/---

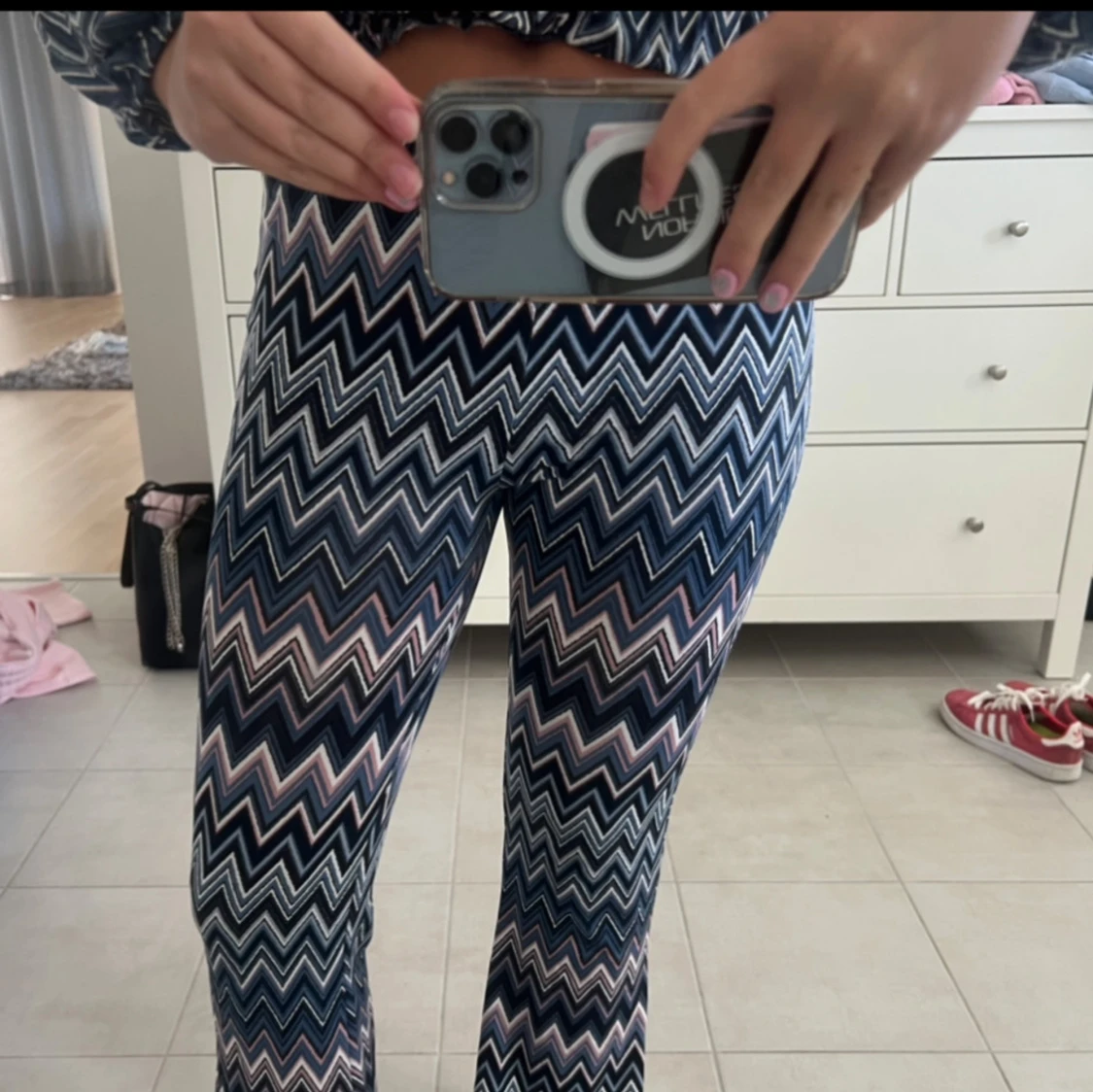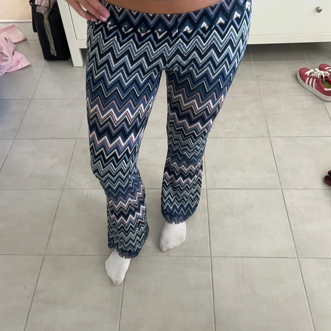 Trendiga bootcut byxor med zig zag mönster. Storlek 146/152 men passar även mig som har xs/s då de är väldigt stretchiga och ganska långa💗
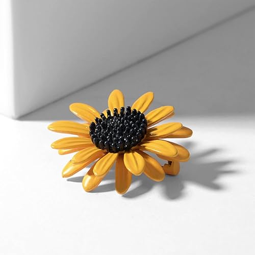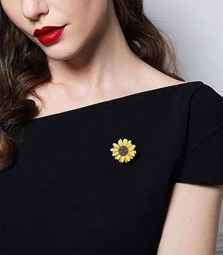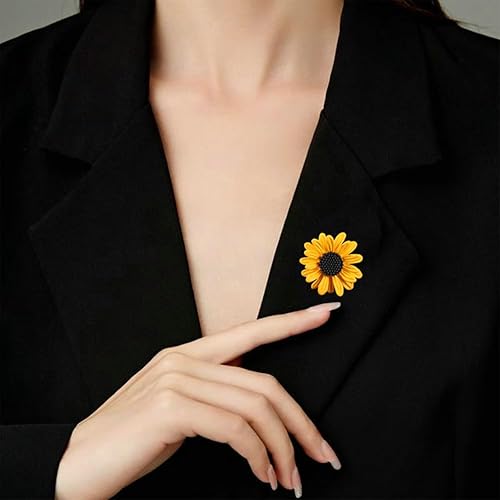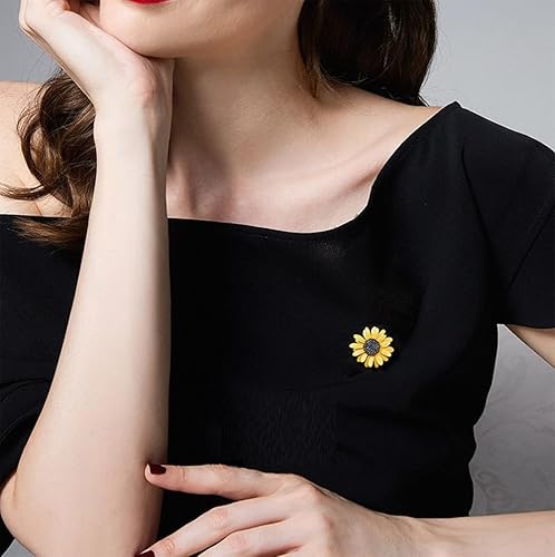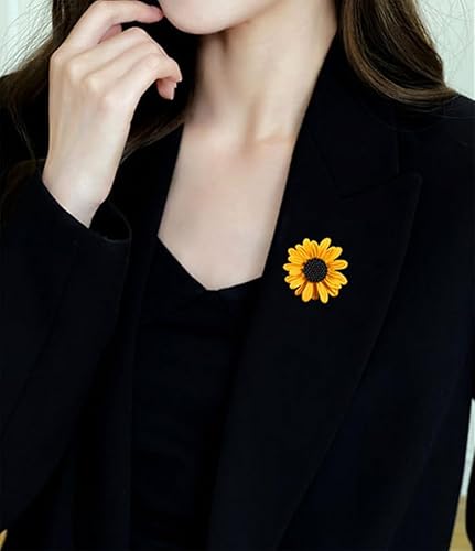 Broche tournesol en alliage jaune - Broche marguerite - Épingles à col - Épingles à revers - Bijoux floraux - Collocation de vêtements - Manteau, chapeau, pull - Accessoires, 1.3x1.3inch
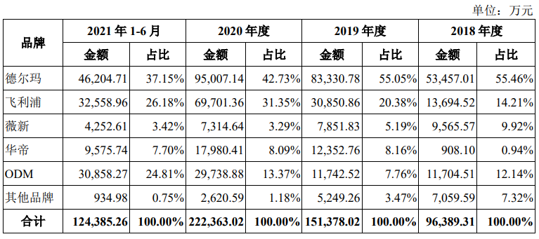 那么,离开了飞利浦加持的德尔玛将会如何?一个明显数据是,从2018年到2021年上半年,飞利浦带来的销售收入分别为1.37亿元、3.09亿元、6.97亿元和3.26亿元,占营收比为14.21%、20.38%、 31.35%和 26.18%。
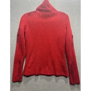 VTG Free People Cardigan Sweater Full Zip Sleeve Zipper Pocket Red Womens Size M
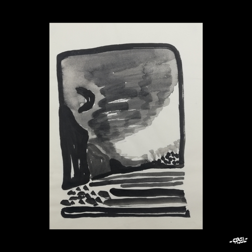 Peinture sur papier paysage noir et blanc unique - format A4 21x29cm

\---

## Directions for this task
Going from the line holding "VTG Free People" to the last line of the data above, reproduce every line exactly, both included, with the pictures omitted.

## Output of the exercise
 VTG Free People Cardigan Sweater Full Zip Sleeve Zipper Pocket Red Womens Size M
 Peinture sur papier paysage noir et blanc unique - format A4 21x29cm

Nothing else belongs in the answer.